Mit dem „System“ hatte der Film aber mehr zu tun, als Angela Merkel sich erinnert haben mag. Schließlich wohnt Paula in einem abbruchreifen Mietshaus und Paul ihr gegenüber in einer Platte, einem Zukunftshaus gewissermaßen. Unwichtig war das im weiteren Verlauf des Abends nicht, denn nicht selten werden über das verschwundene Land ja falsche Sätze gebildet. Und prompt stand ein Mann wie befohlen auf und fragte, ob man in der DDR über so einen Film auch lachen konnte?

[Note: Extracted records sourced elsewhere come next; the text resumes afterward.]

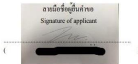
ภาพลายเซ็นจากการถ่ายภาพ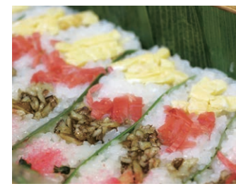
笹寿司 笹の葉の上に酢飯をのせ、具材や薬味を盛り付けた郷土料理。笹の防腐効果を生かした戦国時代の保存食ともいわれる。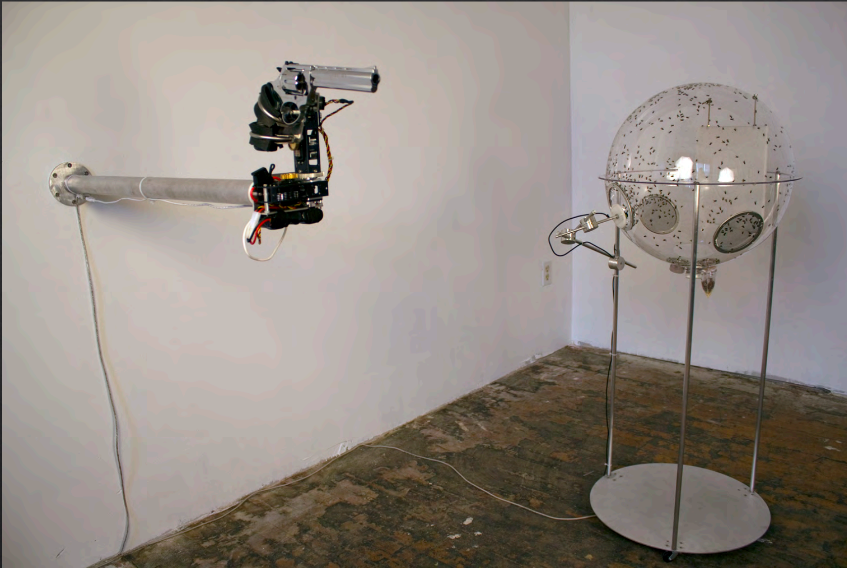
David BOWEN, Fly Revolver , 2018, dimensions variables, installation intercative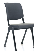
HÅG Conventio 9520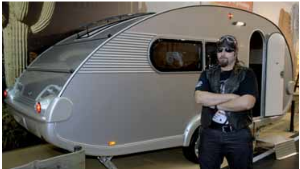
■ American Style im Retro-Look: Der T@b XL von Tabbert.

Nach dem T@b L erhält die kultige Retro-Knutschkugel T@b von Tabbert eine weitere Verstärkung im Premiumbereich. Der neue T@b XL kommt als Tandemachser wie sein Vorgänger, hat aber eine Diner-Version in amerikanischem Stil sowie Sanitärraum im Bug und ein zum Bett umbaubares Sofa im Heck.. Der komplette Möbelbau dazwischen ist im kultigen US-Retro-Look gehalten. ◀

Angela Merkel hat diesen Satz weggelacht. Und richtige Sätze auf die Bühne gestellt, ganz so, wie Mutter oder Vater es manchmal tun, wenn man nachts im Sommer im Garten sitzt, Kerzen, und sie von früher zu erzählen beginnen. Von den Ernteeinsätzen während des Studiums. Oder Angela Merkel: Von der Westmusik auf den Partys im Institut, 60:40 natürlich. Oder davon, wie ihr Vater zum 30. Geburtstag in ihrer Wohnung im Prenzlauer Berg stand, das Sofa, das sie auf der Straße gefunden hatte, sah und sagte: Na Mädel, weit gebracht hast du es ja nicht!

Also ganz schön eigentlich. Im Garten mit Mutter und Vater genauso wie im Kino mit fremden Menschen.

Und wenn der Sohn einen fragen wird, wie es mit Angela Merkel so war, kann man sagen: wie zu Hause. So oft kommt das ja nicht vor.